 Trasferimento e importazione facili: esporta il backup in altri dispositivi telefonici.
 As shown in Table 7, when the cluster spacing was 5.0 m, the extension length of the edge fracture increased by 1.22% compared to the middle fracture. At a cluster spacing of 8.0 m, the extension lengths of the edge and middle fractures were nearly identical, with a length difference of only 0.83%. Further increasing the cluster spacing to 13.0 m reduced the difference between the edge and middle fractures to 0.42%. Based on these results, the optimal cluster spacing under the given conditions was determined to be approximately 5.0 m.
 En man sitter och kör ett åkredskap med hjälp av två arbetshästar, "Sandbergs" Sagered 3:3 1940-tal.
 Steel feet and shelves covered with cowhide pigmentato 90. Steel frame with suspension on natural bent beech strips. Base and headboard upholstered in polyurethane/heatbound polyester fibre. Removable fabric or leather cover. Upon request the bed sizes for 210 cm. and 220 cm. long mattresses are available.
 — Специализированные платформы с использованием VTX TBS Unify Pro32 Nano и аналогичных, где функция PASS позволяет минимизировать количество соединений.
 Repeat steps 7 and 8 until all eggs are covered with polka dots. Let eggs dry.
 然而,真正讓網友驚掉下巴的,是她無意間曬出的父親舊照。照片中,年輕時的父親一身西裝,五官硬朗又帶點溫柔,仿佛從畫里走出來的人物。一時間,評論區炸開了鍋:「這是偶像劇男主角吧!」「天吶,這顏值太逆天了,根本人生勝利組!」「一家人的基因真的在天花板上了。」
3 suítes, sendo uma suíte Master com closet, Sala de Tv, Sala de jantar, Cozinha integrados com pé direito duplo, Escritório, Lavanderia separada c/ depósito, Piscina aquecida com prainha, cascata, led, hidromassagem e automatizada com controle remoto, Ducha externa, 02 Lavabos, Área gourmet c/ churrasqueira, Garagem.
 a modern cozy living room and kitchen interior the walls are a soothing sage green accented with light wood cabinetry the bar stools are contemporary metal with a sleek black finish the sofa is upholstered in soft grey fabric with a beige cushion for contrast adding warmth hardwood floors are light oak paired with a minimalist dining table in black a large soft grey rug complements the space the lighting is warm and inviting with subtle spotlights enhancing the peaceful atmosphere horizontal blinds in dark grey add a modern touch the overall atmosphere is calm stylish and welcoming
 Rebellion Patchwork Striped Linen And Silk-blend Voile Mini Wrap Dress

================

Repeat the entire listing exactly.

(Result for this exercise)
 Trasferimento e importazione facili: esporta il backup in altri dispositivi telefonici.
 As shown in Table 7, when the cluster spacing was 5.0 m, the extension length of the edge fracture increased by 1.22% compared to the middle fracture. At a cluster spacing of 8.0 m, the extension lengths of the edge and middle fractures were nearly identical, with a length difference of only 0.83%. Further increasing the cluster spacing to 13.0 m reduced the difference between the edge and middle fractures to 0.42%. Based on these results, the optimal cluster spacing under the given conditions was determined to be approximately 5.0 m.
 En man sitter och kör ett åkredskap med hjälp av två arbetshästar, "Sandbergs" Sagered 3:3 1940-tal.
 Steel feet and shelves covered with cowhide pigmentato 90. Steel frame with suspension on natural bent beech strips. Base and headboard upholstered in polyurethane/heatbound polyester fibre. Removable fabric or leather cover. Upon request the bed sizes for 210 cm. and 220 cm. long mattresses are available.
 — Специализированные платформы с использованием VTX TBS Unify Pro32 Nano и аналогичных, где функция PASS позволяет минимизировать количество соединений.
 Repeat steps 7 and 8 until all eggs are covered with polka dots. Let eggs dry.
 然而,真正讓網友驚掉下巴的,是她無意間曬出的父親舊照。照片中,年輕時的父親一身西裝,五官硬朗又帶點溫柔,仿佛從畫里走出來的人物。一時間,評論區炸開了鍋:「這是偶像劇男主角吧!」「天吶,這顏值太逆天了,根本人生勝利組!」「一家人的基因真的在天花板上了。」
3 suítes, sendo uma suíte Master com closet, Sala de Tv, Sala de jantar, Cozinha integrados com pé direito duplo, Escritório, Lavanderia separada c/ depósito, Piscina aquecida com prainha, cascata, led, hidromassagem e automatizada com controle remoto, Ducha externa, 02 Lavabos, Área gourmet c/ churrasqueira, Garagem.
 a modern cozy living room and kitchen interior the walls are a soothing sage green accented with light wood cabinetry the bar stools are contemporary metal with a sleek black finish the sofa is upholstered in soft grey fabric with a beige cushion for contrast adding warmth hardwood floors are light oak paired with a minimalist dining table in black a large soft grey rug complements the space the lighting is warm and inviting with subtle spotlights enhancing the peaceful atmosphere horizontal blinds in dark grey add a modern touch the overall atmosphere is calm stylish and welcoming
 Rebellion Patchwork Striped Linen And Silk-blend Voile Mini Wrap Dress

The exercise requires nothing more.